Measured: the same open models on different hosts
The levers above are abstract until you point a stopwatch at them, so on July 7, 2026 we did: K=5 serial streamed chat completions per model-host cell, sent from a single client, all through the same Router endpoint, so the network path is identical for every row. TTFT is measured from request start to the first content token. One asymmetry to state plainly: third-party hosts include the routing hop, while Inworld-served models are colocated with the endpoint; that hop is part of what a Router user actually experiences when calling either. These are selected results; the full raw data is reproducible with the method described here and the script below.
All figures measured July 7, 2026. The two reference rows are a different model class entirely, frontier proprietary APIs rather than served open weights, and are included for orientation only. On Gemma 4 31B, DeepInfra's deployment did not produce stable results in our runs (2 of 5 requests failed), so we exclude its numbers rather than report them. Single-day, single-region numbers move; treat this table as a snapshot of what the levers above produce in practice, and measure your own workload before deciding.

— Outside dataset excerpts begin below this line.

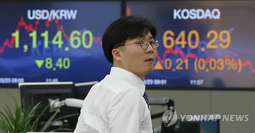 | △ 코스닥 상승 (서울=연합뉴스) 임헌정 기자 = 코스닥지수가 3거래일 연속 상승해 6년 9개월만에 최고치를 갈아치웠다. 23일 코스닥지수는 0.21포인트(0.03%) 상승한 640.29에, 코스피는 전 거래일보다 0.65포인트(0.03%) 하락한 2,036.59에 각각 거래를 끝냈다. 사진은 이날 오후 서울 중구 을지로 외환은행 본점 딜링룸. |
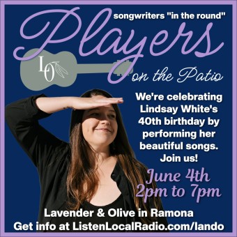 June 4th –Lindsay White turns 40 and over 2 dozen of her pals are singing her songs to her! Join us at the GORGEOUS Lavender & Olive in Ramona from 2pm to 7pm, get all the info here
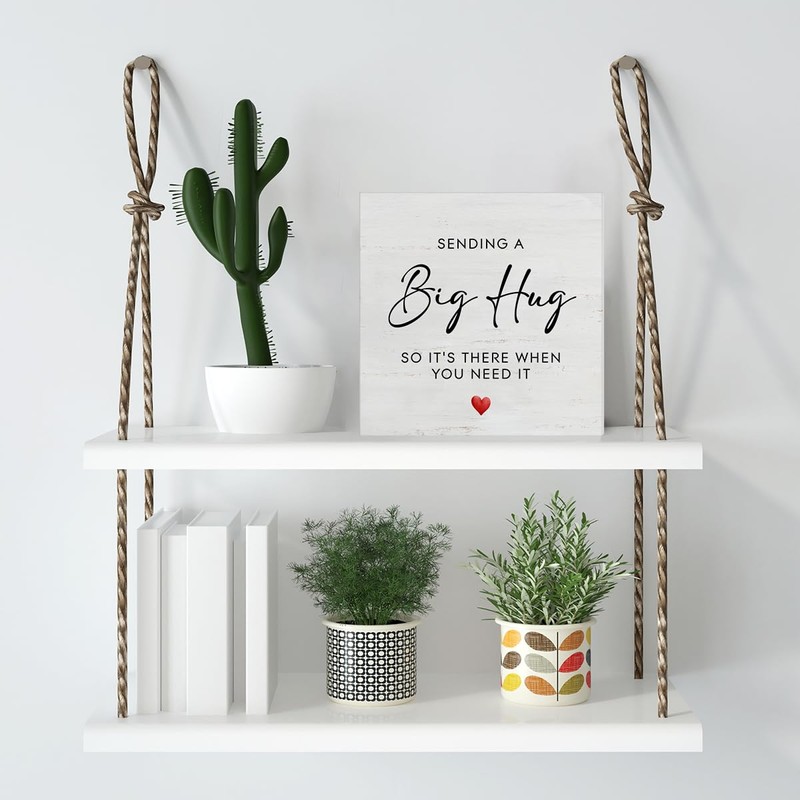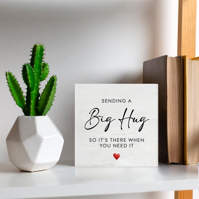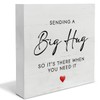 Friendship Gift Wooden Box Sign Sending a Big Hug So It's There When You Need It Desk Decorative Wooden Sign Home Decor for Desk Table Shelf 5 x 5 Inches
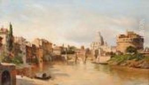 Riders at halt by a river in an Italianate landscape
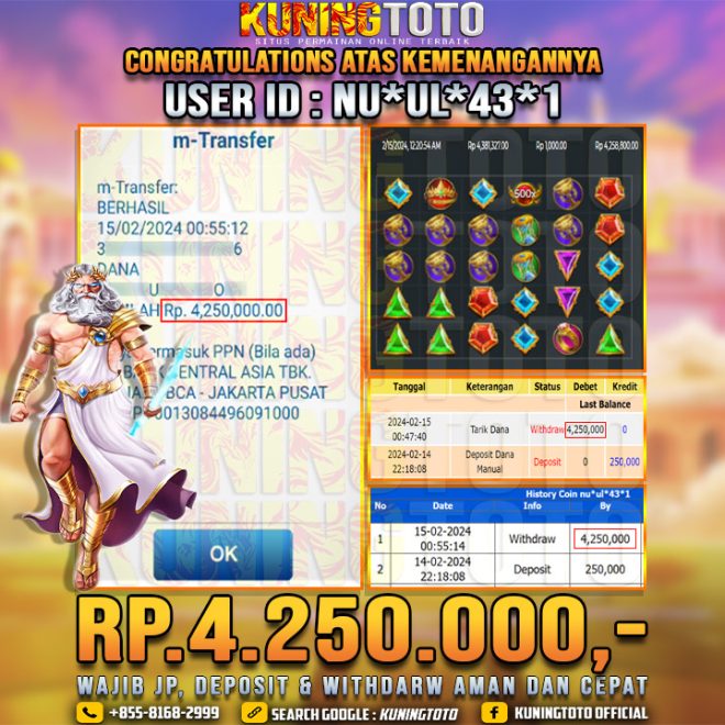 Bukti JP Slot Kuning toto 15 Febuari 2024 Gate Of Olympus 1000
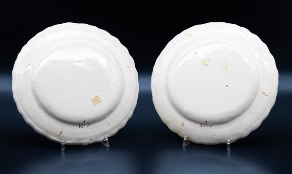 Manifattura francese, probabilmente Bordeaux, secolo XVIII. Coppia di piatti in
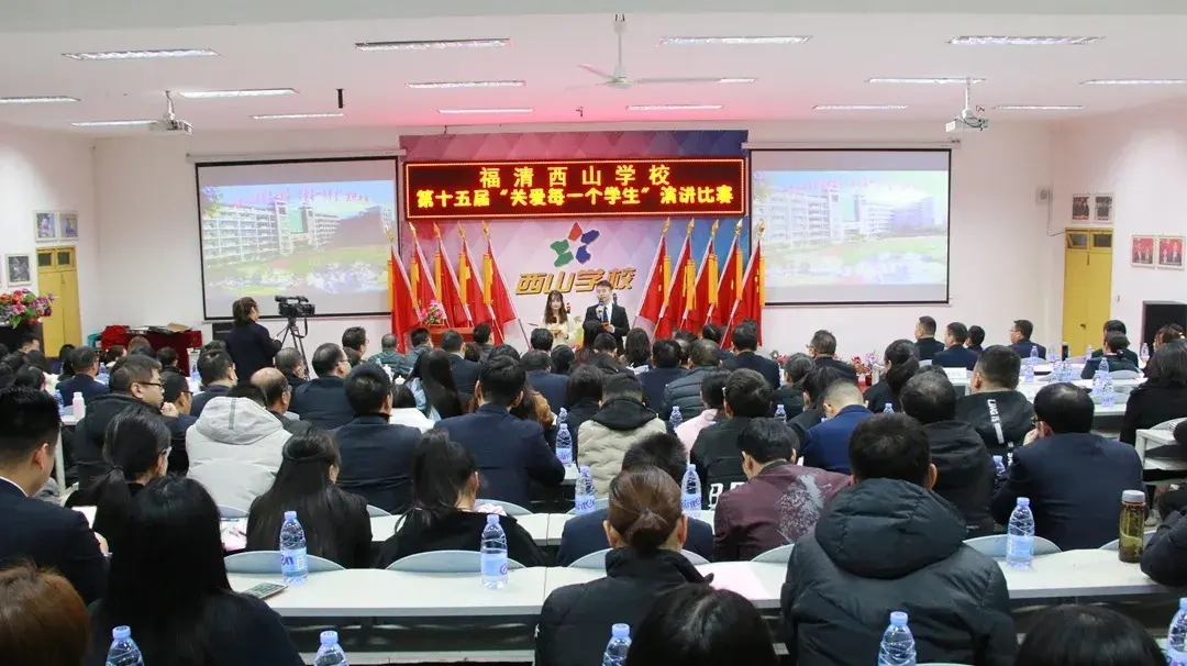 西山学校“关爱每一个学生”演讲比赛旨在进一步弘扬教职工爱岗敬业、无私奉献的高尚师德,宣传教职工管理育人、服务育人的感人事迹,讲述教职工关爱学生的真情实感。比赛每年举行一次,至今已经是第十五届。

GLM-5.1 and GLM-5.2 are reported separately because both are reasoning models: they stream reasoning deltas before the first content token, so for these cells we measured time to first delta of any kind (TTFD) with max_tokens raised to 2,000. Same method and day otherwise: GLM-5.1 on Inworld reached 692 ms median TTFD at 38 tokens per second, against 890 ms and 36 tokens per second for the same model on DeepInfra. GLM-5.2 split, with DeepInfra faster to first delta (727 ms vs 904 ms) and the Inworld deployment sustaining higher throughput (22 vs 14 tokens per second). The measurement lesson doubles as integration advice: benchmark reasoning models to first delta and budget generous max_tokens, or the model will look broken when it is merely thinking.

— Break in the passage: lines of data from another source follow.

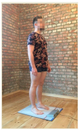 Postural stability was evaluated using a posturography test that registers and analyzes COP movement. The researchers registered and assessed stabilometric parameters using a Loran Engineering E.P.S./R1 stabilometric platform equipped with 2304 resistive sensors and Biomech Studio 2013 software. The assessment of postural stability was carried out in static conditions on a stable surface and in a free-standing position. Two tests were conducted—with eyes open (EO) and with eyes closed (EC). Each test was conducted in accordance with recommendations in the available literature and lasted 30 seconds [35]. Study participants were instructed to remain silent and stand freely while avoiding any movement of the body. Moreover, study participants could not see COP displacements on the screen, because, according to the observations of Wulf et al., watching COP displacements may lead to improved measurement results [36]. During the test with eyes opened the subjects were asked to focus their sight on a point at eye level at a distance of two meters. The participants stood on the platform on both feet, barefoot, with feet equally leveled to the hips and arms free alongside the body (Figure 2).
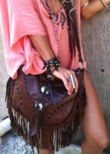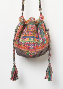 - A special and privileged category includes handbags in the style of boho-chic. They have a very effective external performance, which is suitable only for a bold, confident and self-sufficient young lady. Such products can be decorated with the most intricate and contrasting embroideries, long fringe, tassels and even perforation. Not every lady takes courage to enrich her image with such an interesting thing. But in a correctly selected kit, a boho-chic bag will look just brilliant!
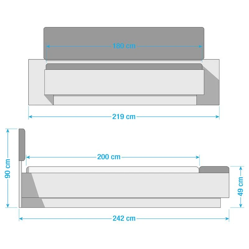 - Hauteur du bord de lit : 49 cm
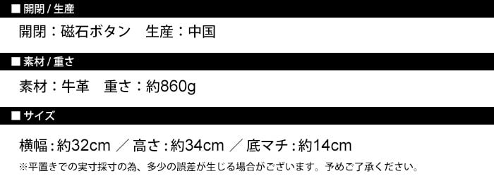 横幅:約32cm / 高さ:約34cm / 底マチ:約14cm
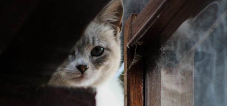 Eine Katze blickt durch an einem Fenster vorbei, in dessen Glas sie sich spiegelt.
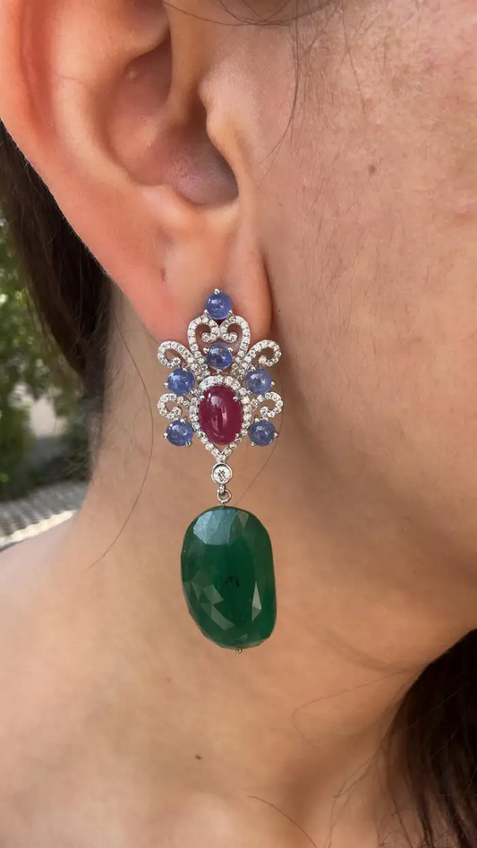 18k White Gold Diamond Dangle Earrings - Natural Blue Sapphire, Mozambique Ruby & Zambian Emerald Tumble Earrings

Why are the biggest wins architectural?
Latency is the product of three choices: which model you run, what serving stack runs it, and where it runs relative to your users. In practice a smaller or quantized model on an optimized stack routinely beats a larger model on generic serving, at lower cost per token.
Work the three axes in order:
- Model choice. The easiest millisecond to save is the one a smaller model never spends. If a 26B or 31B open model clears your quality bar, its prefill and decode are structurally faster than a frontier model's, and it costs less to serve. Inworld serves Gemma 4 26B A4B and Gemma 4 31B first-party; current per-token rates are on inworld.ai/models.
- Serving stack. The same weights on the same GPU vary enormously by engine. Inworld's published example: a custom FlashInfer kernel patch (flashinfer-ai PR #2959) took Gemma 4 31B Dense to roughly 27K tokens/sec at p50 TTFT of 1.7s under saturation load, about 4x pre-patch throughput on identical hardware (hosting guide, May 2026). A 4x serving gap swamps most parameter tuning.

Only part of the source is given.